На главную

Закон Ньютона

Автор: Awaiter Рейтинг: Слеш. PG-13 за жестокость. Император Юрий, Доно Форратьер Написано на командную игру под девизом "Энергия, приложенная к работе".
 Если вам понравилось, пожалуйста, оставьте отзыв - порадуйте автора.
Закон Ньютона

«Ты знаешь, красота должна быть сильной и властной,
Кирпичных крепостных святую дань возведя...»
"Безумный архитектор", Доно

У Доно были длинные, густые и совершенно прямые ресницы. Рассматривать их, положив голову на его плечо, было одним из любимых занятий Юрия. Особенно глубоко ночью, когда Доно наконец умолкал, засыпая. Спал он мало, но всегда высыпался, ему хватало четырех-пяти часов, чтобы утром выглядеть свежо и энергично.

А вот Юрия постоянно мучила бессонница, и к вечеру он становился раздражительным, сам того не замечая. Нынче они наспорились до хрипоты, почти поругались, перешли на «вы», и Юрий был уверен, что все идет совсем скверно. Но Доно вдруг решительно впился в его губы поцелуем, а его так губы сладко таяли, что вся злость ссоры пропала без следа. А окончательно они помирились уже в постели, где Доно снова смутил Юрия своей бесстыжей смесью нежности, какой-то женской капризности и без сомнения мужской активной манеры переходить в атаку и брать свое.

Их роман длился уже пару лет. Доно был упрям и настырен, ему удавалось пробудить слабый темперамент Юрия, согреть и подчинить его тело, подстраивая под свой ритм и вкусы. Юрий поражался, как у Доно получается находить новые и свежие приемы в таком немудреном деле, как секс. Доно категорически не нравилась рутина, он выдергивал Юрия из привычной вялой апатии, возбуждая его - то болью на пике удовольствия, то затейливой игрушкой, то неожиданной фантазией, вовремя рассказанной на ухо. Этот невысокий и худой парень мог заставить его быть темпераментным и активным, а порой забыть о приличиях, принять подчиненное положение и ответить на его желание покорностью и сокрушительным по силе наслаждением.
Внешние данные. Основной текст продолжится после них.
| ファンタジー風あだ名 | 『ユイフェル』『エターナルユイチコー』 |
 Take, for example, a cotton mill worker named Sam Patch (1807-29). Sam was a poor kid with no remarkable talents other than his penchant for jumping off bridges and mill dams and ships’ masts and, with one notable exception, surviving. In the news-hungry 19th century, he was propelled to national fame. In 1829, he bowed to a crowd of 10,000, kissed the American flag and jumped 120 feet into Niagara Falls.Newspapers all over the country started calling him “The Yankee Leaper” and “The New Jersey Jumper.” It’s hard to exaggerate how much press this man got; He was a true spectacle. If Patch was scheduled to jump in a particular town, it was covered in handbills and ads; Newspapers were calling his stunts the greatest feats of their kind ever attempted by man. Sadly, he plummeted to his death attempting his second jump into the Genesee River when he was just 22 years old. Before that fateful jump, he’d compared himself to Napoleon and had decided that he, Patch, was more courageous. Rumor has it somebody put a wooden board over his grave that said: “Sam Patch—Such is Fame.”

Юрия восхищала энергия, которая переполняла его кузена, а если быть точным, то племянника. Доно приходился внуком Пьеру Кровавому, а Юрий был сыном младшей сестры прославленного генерала. В их общем военном детстве они крайне редко общались и были едва знакомы. А теперь, когда Юрия по этикету было положено называть «Ваше Величество», именно Доно стал его близким другом. Единственным другом, если разобраться, и единственным человеком, от которого никогда не пахло ни угрозой, ни испугом. Запах у Доно был удивительный, замечательный и ни на что не похожий. И он так расслаблял и успокаивал, что в последний год Юрий не мог заснуть, не уткнувшись носом в пряди темных волос, не насмотревшись на стрелы прямых ресниц.

Рассвет Доно встретил, как всегда, улыбочкой и тут же начал болтать о том, какой изумительный дворец он построит для своего императора. Юрий сквозь полудрему слушал, честно стараясь представить, как именно в центре анфилады будет смотреться зал с полуротондой, разделенный арками на три части. И эта самая полуротонда даже начала ему немножко сниться, когда Доно принялся его тормошить, щекотать и азартно возмущаться таким явным пренебрежением к порыву вдохновения, посетившего его в это дивное ясное утро, сменившее не менее дивную ночь любви.

Юрий потряс головой, отмахиваясь от утреннего приступа сонной расслабленности, радуясь и одновременно возмущаясь такому неугомонному поведению любовника.

- Доно! Заткнись на минуту, сядь и вот что мне скажи. Каким манером тебе удается всегда быть таким шустрым? Я не понимаю. Почему ты все время находишься в этом твоем чертовом порыве вдохновения? А меня совсем нет сил. Мне сейчас даже сесть - и то трудно.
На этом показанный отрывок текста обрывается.